Women's ages ranged from 20 to 49 years old, and about 12% of study participants were under 25. At their first visit, 92% of the women accepted the vaginal ring, though some participants declined to take the ring with them during subsequent clinic visits, with the acceptance rate dropping to 79% over the next several months.
Excluding women who became pregnant or became HIV positive, 73% of women accepted the ring for all 12 months of follow-up. Of the women who accepted the ring and returned the devices to the clinic, about 86% appear to have used the ring for some period of time, although it's not clear if they used it consistently.
The uptake and use of the ring was higher in HOPE than it was in ASPIRE, indicating that pre-existing familiarity with the ring encouraged more women to use it. None of the serious adverse events reported in the study were related to the study drug. As well, there were no birth defects observed among 70 pregnancies during the study.
The primary objective of the HOPE study was to determine adherence and safety of the ring in an approximation of a real-world setting. The secondary objective was to measure HIV incidence and antiretroviral resistance.
By the end of the one-year study, 35 women were HIV positive, meaning that for every 100 women followed over the course of an entire year, 2.7 of them became HIV positive. Women were also offered HIV prevention counseling in addition to the dapivirine ring.
Because there was no placebo group, researchers drew from the placebo arm of the ASPIRE trial and estimated that HIV incidence rate without the dapivirine ring would have been about 4.4%.
From there, they estimated that the ring created a 39% reduction in HIV risk. Dieffenbach noted that although study authors were careful in their analysis, the 39% estimate should be interpreted cautiously, because it was derived without a true placebo arm.
And, although adherence in HOPE appeared to be higher than in ASPIRE, it is still not clear whether or not women used the rings exactly as prescribed. Investigators measured adherence by checking whether the dapivirine had been released from the returned rings, which would only happen if it was inserted into the vagina.
"What we know is that a significant number of the rings were used, but that doesn't mean a significant number of the women consistently used the rings.
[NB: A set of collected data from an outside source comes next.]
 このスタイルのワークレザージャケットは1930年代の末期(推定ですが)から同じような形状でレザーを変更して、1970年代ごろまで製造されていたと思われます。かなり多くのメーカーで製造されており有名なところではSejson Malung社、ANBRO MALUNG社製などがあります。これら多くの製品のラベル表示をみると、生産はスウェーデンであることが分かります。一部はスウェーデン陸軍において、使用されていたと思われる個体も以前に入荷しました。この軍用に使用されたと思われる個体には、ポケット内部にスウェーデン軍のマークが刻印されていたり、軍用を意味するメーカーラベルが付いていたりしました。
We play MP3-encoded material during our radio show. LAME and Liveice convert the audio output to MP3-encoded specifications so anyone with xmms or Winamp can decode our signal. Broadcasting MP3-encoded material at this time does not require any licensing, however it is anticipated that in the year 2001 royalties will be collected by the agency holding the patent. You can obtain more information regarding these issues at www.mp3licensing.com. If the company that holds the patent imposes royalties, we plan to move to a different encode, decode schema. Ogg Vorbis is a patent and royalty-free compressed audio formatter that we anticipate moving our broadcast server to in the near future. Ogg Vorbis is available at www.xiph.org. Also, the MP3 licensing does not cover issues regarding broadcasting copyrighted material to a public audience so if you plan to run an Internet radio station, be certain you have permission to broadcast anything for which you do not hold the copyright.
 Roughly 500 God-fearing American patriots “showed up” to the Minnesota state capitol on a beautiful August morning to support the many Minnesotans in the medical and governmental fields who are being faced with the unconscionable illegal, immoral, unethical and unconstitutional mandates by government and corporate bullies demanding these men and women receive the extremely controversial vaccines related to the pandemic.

We don't want to conflate those two statements," said Dieffenbach.
"The study still needs to finish data that will look at the level of consistent ring use in individual women," he added. "I will be very curious to see in subgroup analysis if there's a group of women that have high use that [the ring] gave 50% to 60% efficacy. That data needs to be developed."
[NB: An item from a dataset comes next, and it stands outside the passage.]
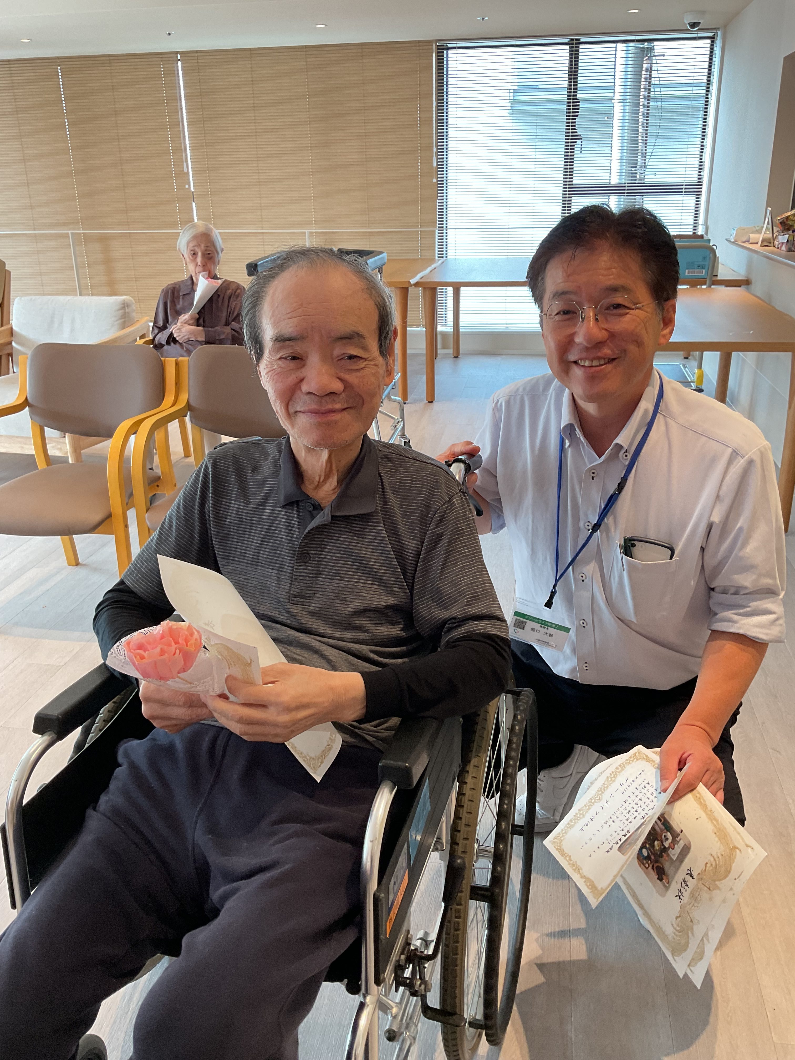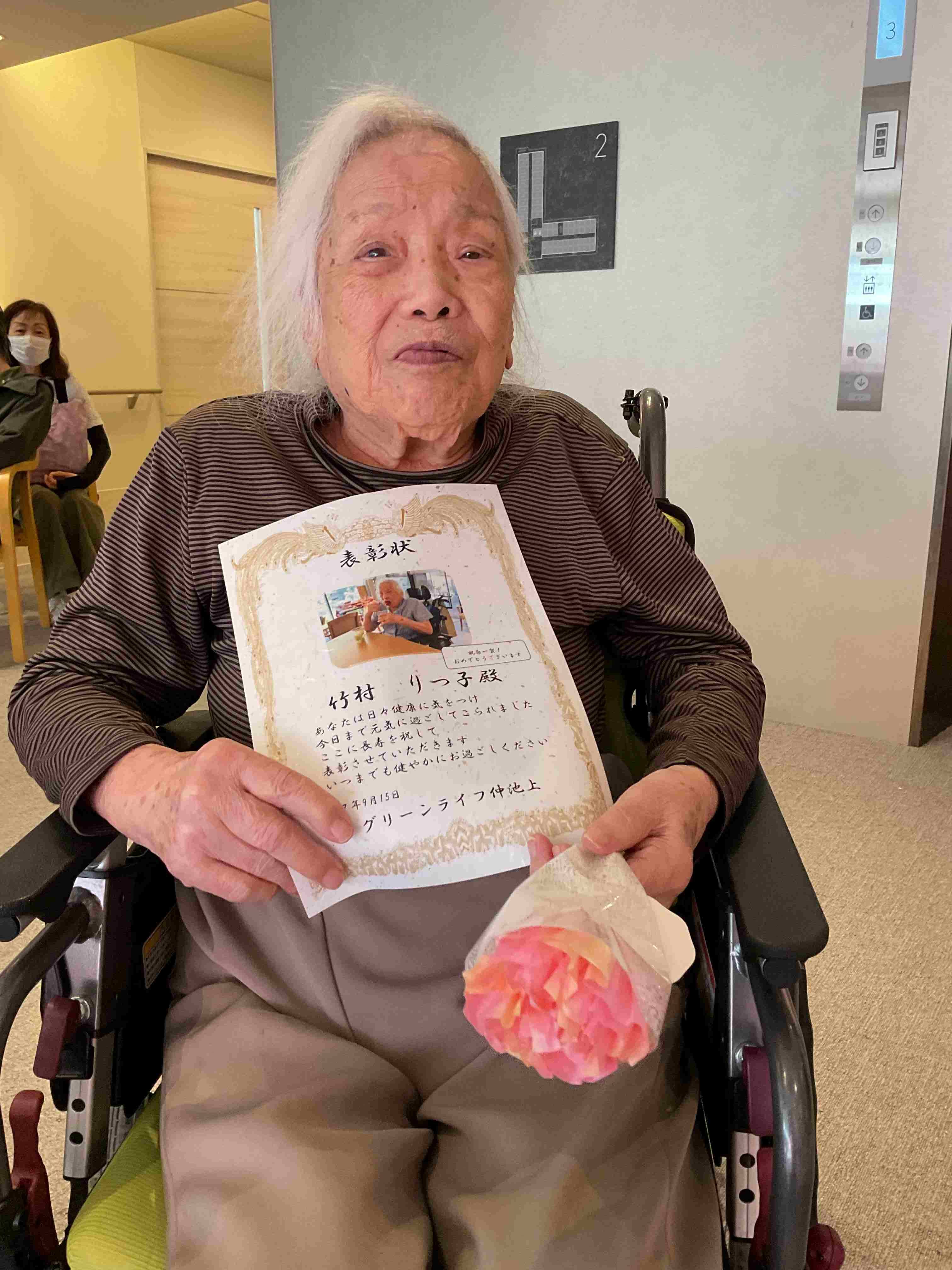 その後で、敬老会で渡す予定だった表彰状をお渡しして写真を撮りました。

In both HOPE and ASPIRE, the ring appeared to work better in women who were older than 21 years old, with investigators hypothesizing that older women may be more likely to leave the rings in place.
"We've tried hard to increase the adherence of this, and I think that we obviously need to do much better," said Anthony Fauci, M.D., director of the National Institute of Allergy and Infectious Diseases at the National Institutes of Health.
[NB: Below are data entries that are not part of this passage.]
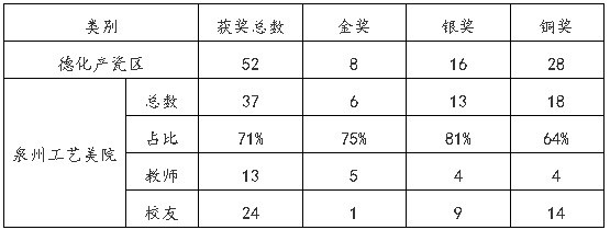 泉州工藝美術(shù)職業(yè)學(xué)院教師、校友成為德化產(chǎn)瓷區(qū)獲獎的主力軍,占據(jù)71%的獲獎份額。教師邱玫瑰《游園﹒今夢》、張南章《唐太宗》、莊虹虹《希望的田野》、黃永星《何朝宗》(NO.3雕塑)、鄭振雷《衣襟飄香》(8頭文具)等5件作品獲得金獎,邱玫瑰《園林清曲》、張麗芬《女人與貓系列》(3件)、鄭振雷《當(dāng)局者》、高越《畔山云海》等4件作品獲得銀獎,周金田《逐夢》、許慶裕《海納百川》、梁雙升《自然神曲》、陳名昭《阿爾法城考古報告》等4件作品獲得銅獎。在德化報名參評的泉州工藝美術(shù)職業(yè)學(xué)院畢業(yè)生,獲得1金、9銀、14銅。此外,泉州工藝美術(shù)職業(yè)學(xué)院舉辦的國家藝術(shù)基金“白瓷瓷塑藝術(shù)創(chuàng)新人才培養(yǎng)”研修班學(xué)員,在德化學(xué)習(xí)期間創(chuàng)作的作品,也獲得1金、1銀、4銅的好成績。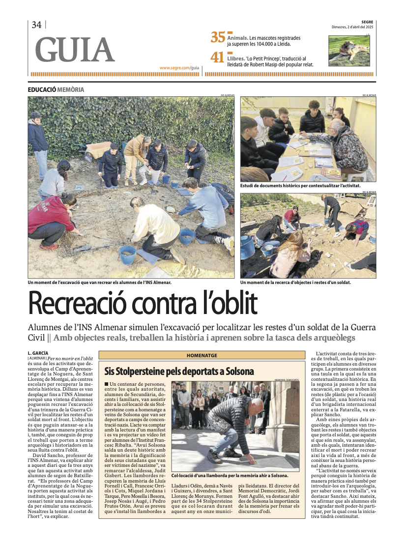 El diari Segre destaca l’activitat ‘Per a no morir en l’oblit’ dels alumnes de 2n de batxillerat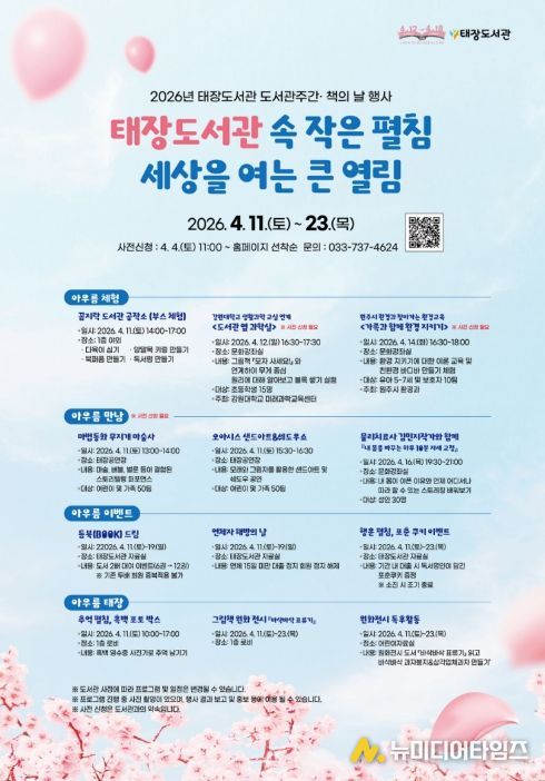 원주시 태장도서관은 도서관 주간 및 책의 날을 맞이해 오는 11일부터 23일까지 ‘태장도서관 속 작은 펼침, 세상을 여는 큰 열림’을 주제로 다양한 행사를 개최한다.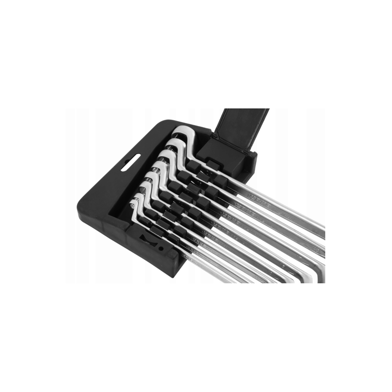 Cheile inelare curbate de înaltă calitate din oțel crom-vanadiu îndeplinesc standardele DIN 838. Toate ambalate într-o cutie de plastic cu umeraș.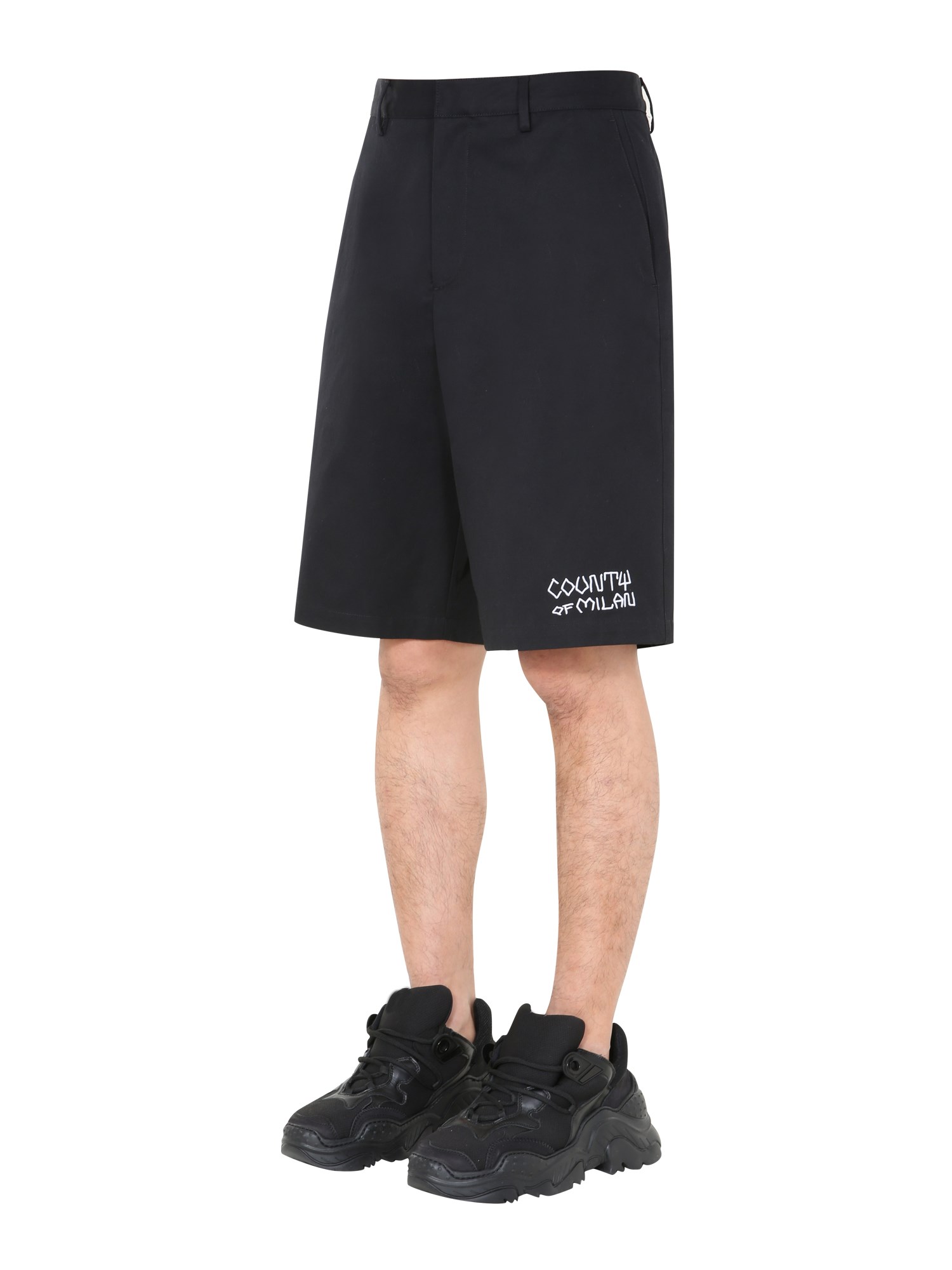 Feel comfortable and relaxed this summer with the Marcelo Burlon County of Milan “COUNTRY” Bermuda. This super flexible Bermuda has a zip and hooks closure along with two side pockets and two back pockets to carry your stuff. Other than this, the embroidered logo on the bottom looks stunning. This comfy Bermuda is made of 100% cotton material.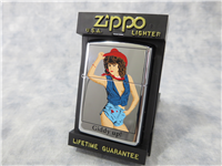 ZIPPO Nose Art Pin Up Girl lighter circa 2005. Polished Chrome finish over solid Brass. Standard size 1-7/16 inches wide by 2-1/4 inches high. Bottom of lighter reads: H Zippo 05 Bradford, PA. Made in U.S.A. Includes original, unfired insert.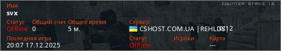 Играет на Counter Strike 1.6 сервере. Страна: УкраинаПервый раз замечен 19:59 17.12.2025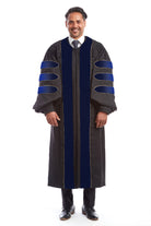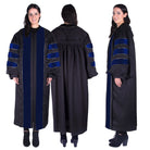 La bata de doctorado para graduados universitarios seleccionados presenta elegantes mangas acampanadas y está adornada con galones de terciopelo azul meticulosamente colocados. Los paneles frontales están adornados con el mismo rico terciopelo azul, rindiendo homenaje a la tradición consagrada de la clásica bata de doctorado. También se construyen dos bolsillos laterales para permitir un fácil acceso a sus pertenencias. Todos nuestros vestidos de ceremonia cumplen con las especificaciones registradas en la Oficina Intercolegial de Vestuario Académico.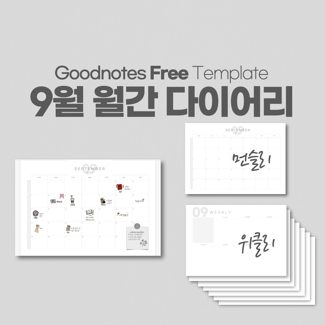 | 굿노트 9월 월간 다이어리 속지 세로형 공유 / Goodnotes September Diary Template (2) | 2021.08.24 |

"There is no easy answer," Fauci said.
Even with questions left unanswered about the vaginal dapivirine ring, many experts are hoping that the prevention tool will be more widely accessible soon.
"Women urgently need more options for HIV prevention that fit into their lives," said the HOPE study's lead author, Jared Baeten, M.D., Ph.D., professor of global health, medicine and epidemiology at the University of Washington, according to a press release.
"We need all these partially protective methods, because there is never going to be one method that is perfect, scientifically, at 100%," said Warren.